好在有夜色遮掩,不至于让他哥看到这副面红耳赤的纯情样。心虚不已,半晌才支支吾吾开口:“没…没做什么……”
说完这句话,他明显感受到他哥动了。
慢慢贴近,将他困在墙壁与自己胸前。他偏过头,心跳加速,觉得自己快要溺毙在浓郁的烟味与玉兰香里。以至于没有察觉到,面前胸膛里那颗心脏,此刻跳得比自己还要快。快到像是要耗干所有养分,完成最后一舞。

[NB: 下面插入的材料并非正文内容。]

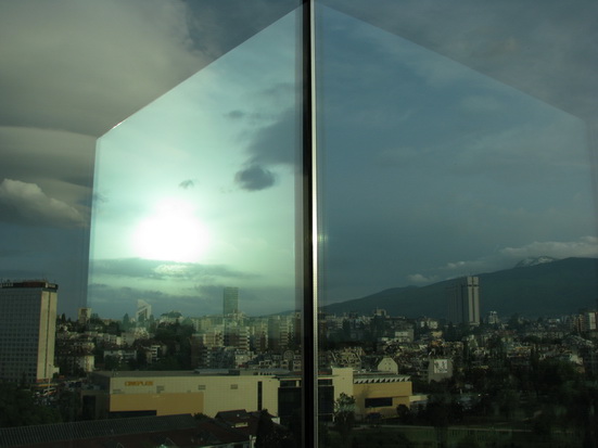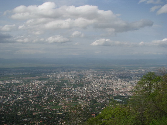 Sofia liegt in der Sofiaebene, einer weiten Hochebene im Westen des Landes, nahe der Grenze zu Serbien. Fünf Bergpässe führen in die Ebene und somit nach Sofia - der Iskar-Pass, der Wladaja-Pass, der Dragoman-Pass, der Petrochan-Pass und der Botewgrad-Pass. Die Stadt befindet sich am nördlichen Hang des 2290 m hohen Witoscha-Gebirges, das ein beliebtes Ausflugsziel der Sofioter ist und die Kulisse der ganzen Stadt beherrscht. Die Grundform des Witoschagebirges ist fast kreisrund mit einem Durchmesser von etwa 15 km. Im Westen grenzt die Stadt an das Ljulin- und Losen-Gebirge. Sofia mit Witoscha-Gebirge im Hintergrund, Im Norden und Nordosten verlaufen in ungefähr 50 Kilometer Entfernung das Sofia- und das Murgasch-Gebirge, die Teil des Balkangebirges sind, das in Ost-West Richtung durch ganz Bulgarien verläuft und das Land in eine Nord- und eine Südhälfte teilt. Dieses Gebirge ist der Namensgeber für die gesamte Balkanhalbinsel. Durch die östlichen Stadtviertel fließt der längste Fluss Bulgariens, der Iskar. Auch zwei seiner Zuflüsse, der Perlowska und Wladajska durchqueren die Stadt, sind im Stadtbild aber kaum zu sehen. Im Zentrum Sofias, wie in den Stadtvierteln Owtscha Kupel, Knjaschewo, Gorna Banja und Pantscharewo existieren Mineralquellen, deren Benutzung seit der Antike nachgewiesen ist. (Quelle: Wikepedia)

他听到他哥沙哑的嗓音,在耳边炸响:“我不喜欢撒谎的孩子。”
有热源擦过脸颊,带来浓烈的烟味,是闻池安把烟按灭在了他身后的墙上。借着一手撑在他脑畔的动作,再次威胁而又诱惑道:“别惹哥生气。”
烟味与玉兰香充斥鼻腔,大脑昏昏沉沉。在汹涌的欲望中掌舵,并不是一件易事。竭力维持清醒的同时,从对方意味不明的话语中窥见一丝异样,躁动不安的心瞬间停跳,一股寒意顺着脊背攀升,蔓延至全身。
他哥……发现了?
喉结上下滚动,他一紧张就下意识做出吞咽的动作。这一细节被闻池安敏锐捕捉,勾了下唇角,置若罔闻般拍拍他的脸颊,将摸了一手的墙灰都蹭在他脸上。而后直起身,丢下一句话就转身离开。
“去玩吧,别太过火,早点回家。”
等人走远了,闻颂予还靠在墙上,披着那件外套,呆呆地望着他离去的方向出神。
闻池安嘴上让弟弟早点回家,自己却是再也没回过那座闻家老宅,一直住在京大附近的别墅里。
自恋情曝光那日起,他就有段时间没和宋殊恒联系了,准确来说是宋殊恒有段时间没出现在他面前了。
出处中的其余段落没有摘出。